From ba86e39431467c42a6cbfb11b2458b4085240f2f Mon Sep 17 00:00:00 2001
From: Vinay Sajip <vinay_sajip@yahoo.co.uk>
Date: Sat, 15 Feb 2020 21:44:03 +0000
Subject: [PATCH 1/3] bpo-12915: Improve Unicode support for package names and
 attributes.

---
 Lib/pkgutil.py           | 13 +++++++------
 Lib/test/test_pkgutil.py | 20 ++++++++++++++++++++
 2 files changed, 27 insertions(+), 6 deletions(-)
diff --git a/Lib/pkgutil.py b/Lib/pkgutil.py
index 4bc3083ac197eb..4c184678a29128 100644
--- a/Lib/pkgutil.py
+++ b/Lib/pkgutil.py
@@ -638,8 +638,8 @@ def get_data(package, resource):
     return loader.get_data(resource_name)
 
 
-_DOTTED_WORDS = r'[a-z_]\w*(\.[a-z_]\w*)*'
-_NAME_PATTERN = re.compile(f'^({_DOTTED_WORDS})(:({_DOTTED_WORDS})?)?$', re.I)
+_DOTTED_WORDS = r'(?!\d)(\w+)(\.(?!\d)(\w+))*'
+_NAME_PATTERN = re.compile(f'^(?P<pkg>{_DOTTED_WORDS})(?P<cln>:(?P<obj>{_DOTTED_WORDS})?)?$', re.U)
 del _DOTTED_WORDS
 
 def resolve_name(name):
@@ -677,11 +677,12 @@ def resolve_name(name):
     m = _NAME_PATTERN.match(name)
     if not m:
         raise ValueError(f'invalid format: {name!r}')
-    groups = m.groups()
-    if groups[2]:
+    gd = m.groupdict()
+    if gd.get('cln'):
         # there is a colon - a one-step import is all that's needed
-        mod = importlib.import_module(groups[0])
-        parts = groups[3].split('.') if groups[3] else []
+        mod = importlib.import_module(gd['pkg'])
+        parts = gd.get('obj')
+        parts = parts.split('.') if parts else []
     else:
         # no colon - have to iterate to find the package boundary
         parts = name.split('.')
diff --git a/Lib/test/test_pkgutil.py b/Lib/test/test_pkgutil.py
index 906150b10495bf..178cc25f56c0a7 100644
--- a/Lib/test/test_pkgutil.py
+++ b/Lib/test/test_pkgutil.py
@@ -231,6 +231,26 @@ def test_name_resolution(self):
             ('ZeroDivisionError', ImportError),
         )
 
+        # add some Unicode package names to the mix.
+
+        unicode_words = ('\u0935\u092e\u0938',
+                         '\u73b0\u4ee3\u6c49\u8bed\u5e38\u7528\u5b57\u8868')
+
+        for uw in unicode_words:
+            d = os.path.join(self.dirname, uw)
+            os.makedirs(d, exist_ok=True)
+            # make an empty __init__.py file
+            f = os.path.join(d, '__init__.py')
+            with open(f, 'w') as f:
+                f.write('')
+                f.flush()
+            # now import the package we just created; clearing the caches is
+            # needed, otherwise the newly created package isn't found
+            importlib.invalidate_caches()
+            mod = importlib.import_module(uw)
+            success_cases += (uw, mod),
+            failure_cases += (uw[:-1], ImportError),
+
         for s, expected in success_cases:
             with self.subTest(s=s):
                 o = pkgutil.resolve_name(s)

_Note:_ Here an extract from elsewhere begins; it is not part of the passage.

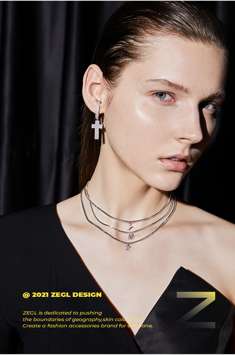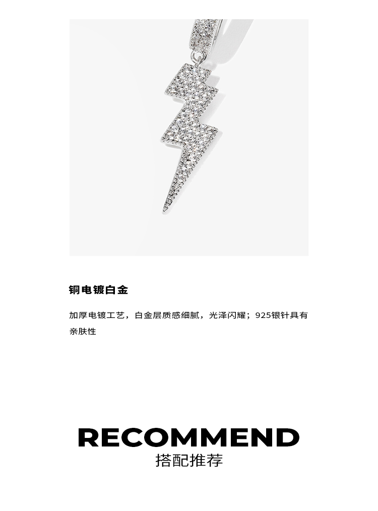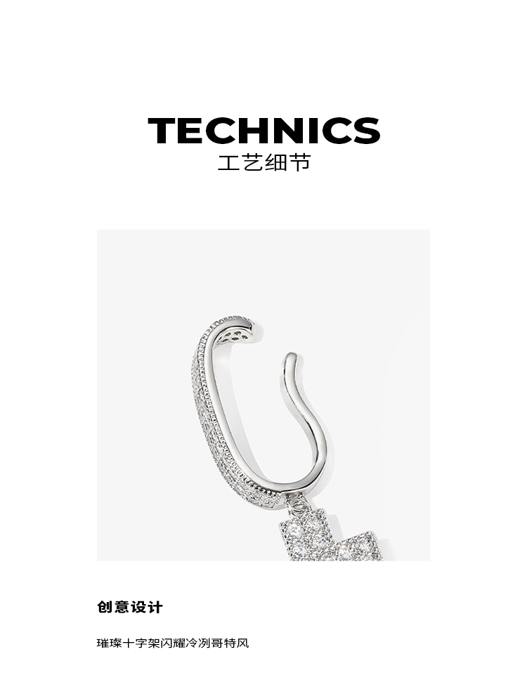 ZEGL设计师闪电十字架耳挂耳环女无耳洞耳夹简约冷淡风耳骨夹耳饰

From 698895a50a776b5c725ed2500168a64aeaa718a5 Mon Sep 17 00:00:00 2001
From: Vinay Sajip <vinay_sajip@yahoo.co.uk>
Date: Sun, 16 Feb 2020 09:22:06 +0000
Subject: [PATCH 2/3] Add some more failure subtest cases, including one with a
 non-ASCII digit character.

---
 Lib/test/test_pkgutil.py | 5 +++++
 1 file changed, 5 insertions(+)

diff --git a/Lib/test/test_pkgutil.py b/Lib/test/test_pkgutil.py
index 178cc25f56c0a7..3d130fee730a5c 100644
--- a/Lib/test/test_pkgutil.py
+++ b/Lib/test/test_pkgutil.py
@@ -229,6 +229,8 @@ def test_name_resolution(self):
             ('logging.handlers:SysLogHandler.NO_SUCH_VALUE', AttributeError),
             ('logging.handlers.SysLogHandler.NO_SUCH_VALUE', AttributeError),
             ('ZeroDivisionError', ImportError),
+            ('os.path.9abc', ValueError),
+            ('9abc', ValueError),
         )
 
         # add some Unicode package names to the mix.
@@ -251,6 +253,9 @@ def test_name_resolution(self):
             success_cases += (uw, mod),
             failure_cases += (uw[:-1], ImportError),
 
+        # add an example with a Unicode digit at the start
+        failure_cases += ('\u0966\u0935\u092e\u0938', ValueError),
+
         for s, expected in success_cases:
             with self.subTest(s=s):
                 o = pkgutil.resolve_name(s)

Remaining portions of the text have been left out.